Deja vu.  Back in July of 2016 I posted a comprehensive review of the MAGPUL Hunter 700 stock.  To outfit the stock I used a Remington 700 short action with a 23″ 1:8″ barrel chambered in 260 Remington.  It had a tactical bolt knob and looks eerily similar to the newly released Model 700 MAGPUL rifle (see image below)!

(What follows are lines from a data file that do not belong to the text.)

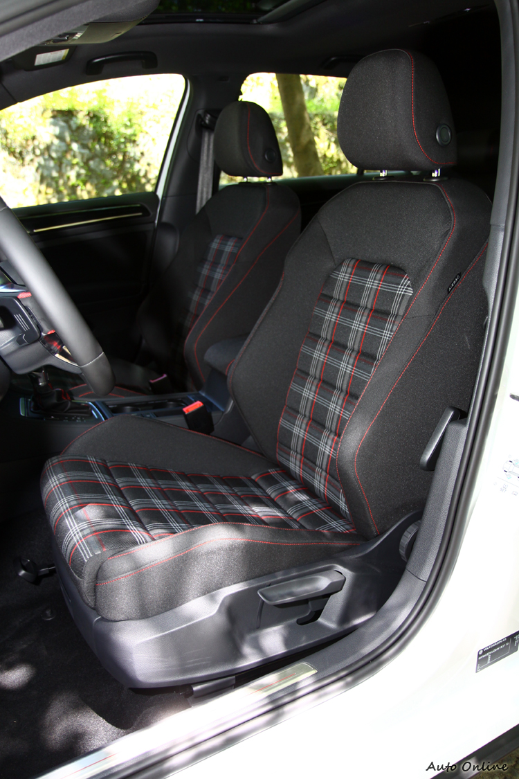 ![]() ▲內裝大致與標準版Golf相同,增加GTI專屬裝飾突顯兩者差異。![]() ▲GTI經典格紋跑車座椅加上紅色縫線,經典就是永不退流行。![]() ▲車門邊的飾條內崁入LED車內氣氛燈,白天非常不明顯。
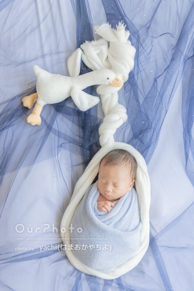 おくるみに巻いたり、小物を使用してポージングしないナチュラルな姿での撮影です。
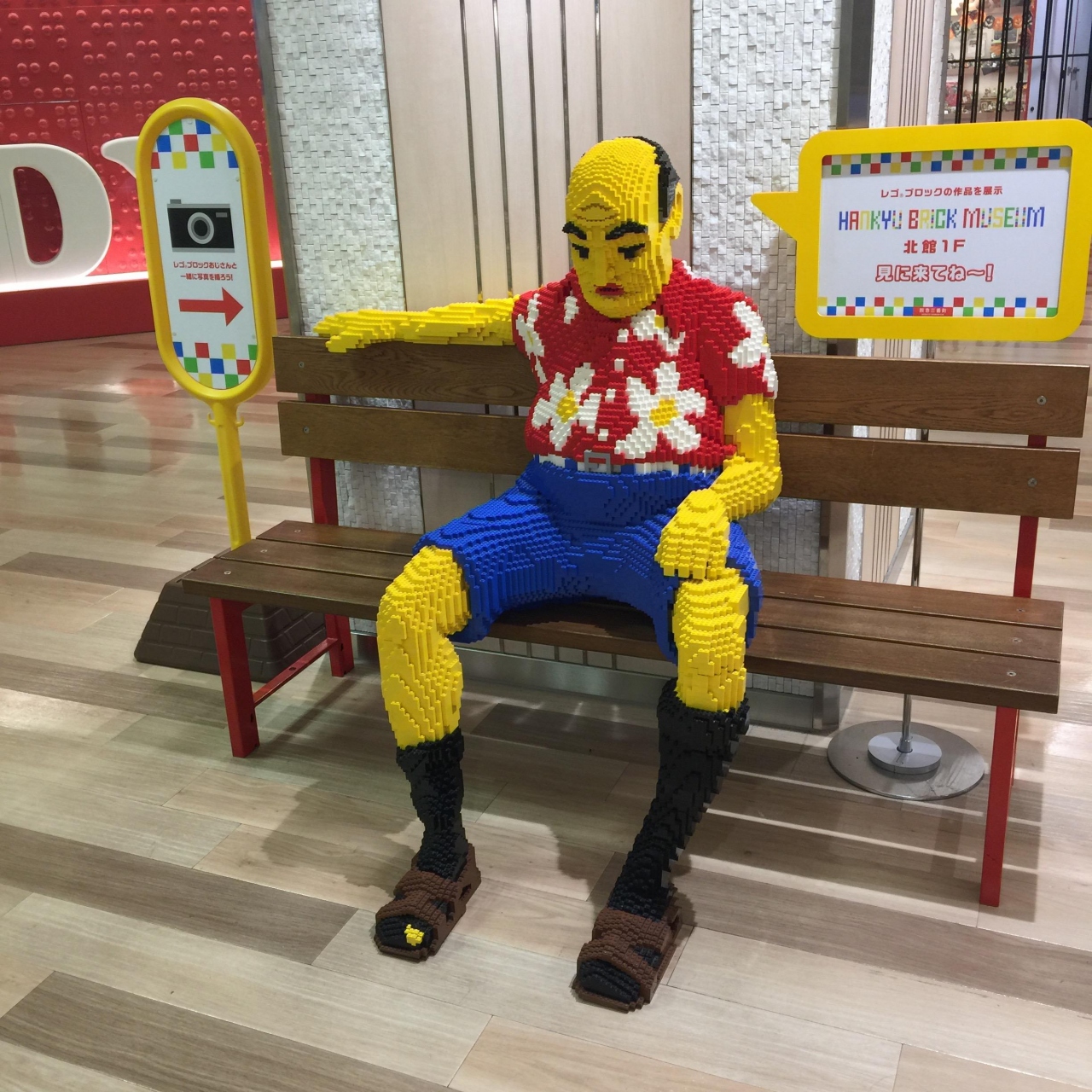 通りかかりに見つけたHANKYUBRICKMUSEUMの展示物です。ベンチに腰掛けてるおじさんの靴下に穴があいているるという小技が効いてます。三番街のはじっこのKIDDYLAND前の写真です。楽しいフォトスポットでした!
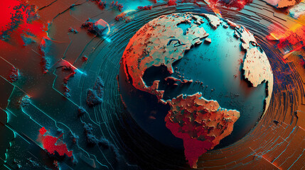 Digital Globe Futuristic Network Analysis in Cyberpunk Style
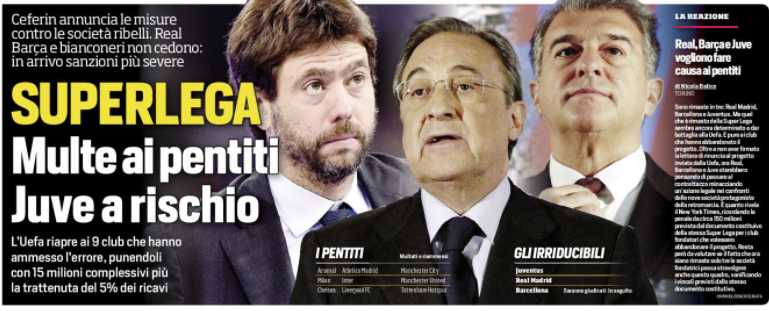 L’edizione odierna del “Corriere dello Sport” si sofferma sulle sanzioni comminerà la UEFA nei confronti delle società “ribelli”.
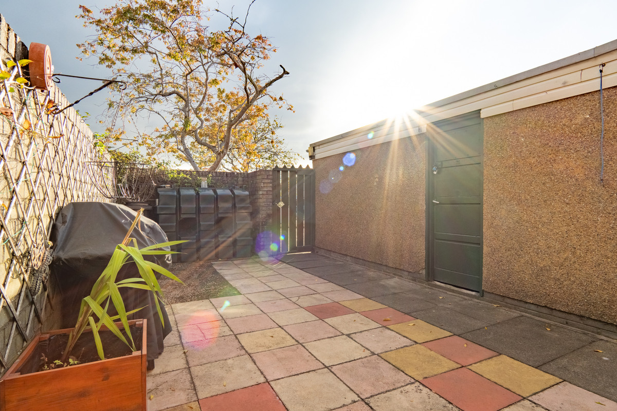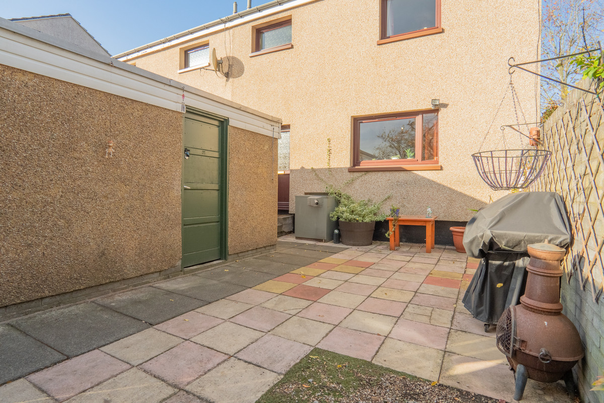 The rear garden is fully enclosed, providing a private and practical outdoor space that’s easy to maintain. Bordered by brick walls, it offers a neat setting for outdoor dining, barbecues or simply relaxing in the fresh air. A semi-detached single garage, built of brick with a flat felt roof, sits to the side and can be accessed via an up-and-over door or a timber pedestrian door.
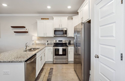 Situated in the Tanyard neighborhood of downtown Pensacola, this gorgeous newly built townhome is perfect for experiencing all that Pensacola has to offer. This quiet community of townhomes are conveniently located to the city's best restaurants, shops, breweries, seafood markets, and parks. There is a huge common area with open green space that is perfect for the kids, a sidewalk for exercise, and a huge community pool! The back patio is the perfect spot for afternoon cocktails or morning coffee. There is a propane grill available as well for the family chef.

The Model 700 MAGPUL mates a M700 short action receiver with a 22″ varmint contour barrel in a MAGPUL Hunter 700 stock.  This is the first production model M700 to use an AICS magazine and the first to use the MAGPUL Hunter 700 stock.  Available in either 308 Winchester with a 1:10″ twist, or 260 Remington with a 1:8″ twist, the Model 700 MAGPUL also includes a Cerakote finish, tactical bolt knob, and threaded muzzle with protector.  This is what thousands of shooters have been converting their rifles into.  Here it is, already assembled, direct from Remington as the 700 MAGPUL.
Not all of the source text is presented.